[[ SUPPLIED DATA, beginning ]]

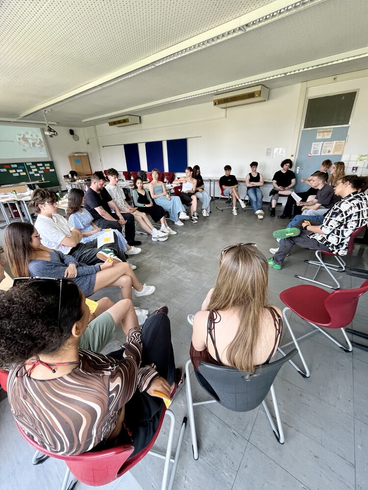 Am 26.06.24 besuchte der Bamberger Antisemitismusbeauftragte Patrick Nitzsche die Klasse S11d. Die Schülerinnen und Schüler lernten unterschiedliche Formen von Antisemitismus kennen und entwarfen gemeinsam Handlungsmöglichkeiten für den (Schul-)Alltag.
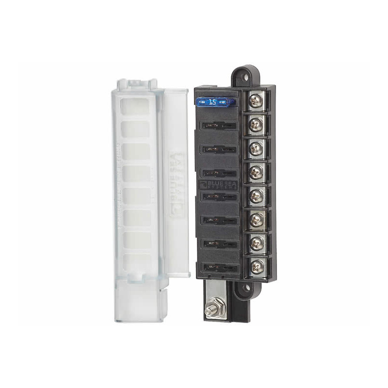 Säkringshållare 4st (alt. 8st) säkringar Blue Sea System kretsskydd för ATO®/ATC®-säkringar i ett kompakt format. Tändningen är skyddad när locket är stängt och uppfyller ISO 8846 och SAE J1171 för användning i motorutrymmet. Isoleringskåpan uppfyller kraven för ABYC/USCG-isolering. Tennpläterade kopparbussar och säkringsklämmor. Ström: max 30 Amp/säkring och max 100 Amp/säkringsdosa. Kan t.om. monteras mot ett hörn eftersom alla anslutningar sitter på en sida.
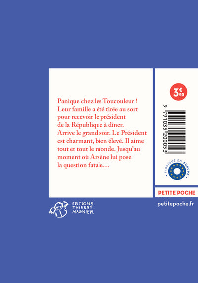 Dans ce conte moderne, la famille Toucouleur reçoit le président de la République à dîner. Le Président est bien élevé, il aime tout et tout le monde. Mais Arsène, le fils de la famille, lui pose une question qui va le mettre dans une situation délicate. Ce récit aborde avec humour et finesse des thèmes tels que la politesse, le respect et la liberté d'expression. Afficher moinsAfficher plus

[[ SUPPLIED DATA, end ]]

- **EXERCISE DESCRIPTION**:
Write the lines from the line containing "Säkringshållare 4st (alt." through the last line of the data out again exactly, and only those lines; pictures stay out.

- **EXERCISE RESPONSE**:
 Säkringshållare 4st (alt. 8st) säkringar Blue Sea System kretsskydd för ATO®/ATC®-säkringar i ett kompakt format. Tändningen är skyddad när locket är stängt och uppfyller ISO 8846 och SAE J1171 för användning i motorutrymmet. Isoleringskåpan uppfyller kraven för ABYC/USCG-isolering. Tennpläterade kopparbussar och säkringsklämmor. Ström: max 30 Amp/säkring och max 100 Amp/säkringsdosa. Kan t.om. monteras mot ett hörn eftersom alla anslutningar sitter på en sida.
 Dans ce conte moderne, la famille Toucouleur reçoit le président de la République à dîner. Le Président est bien élevé, il aime tout et tout le monde. Mais Arsène, le fils de la famille, lui pose une question qui va le mettre dans une situation délicate. Ce récit aborde avec humour et finesse des thèmes tels que la politesse, le respect et la liberté d'expression. Afficher moinsAfficher plus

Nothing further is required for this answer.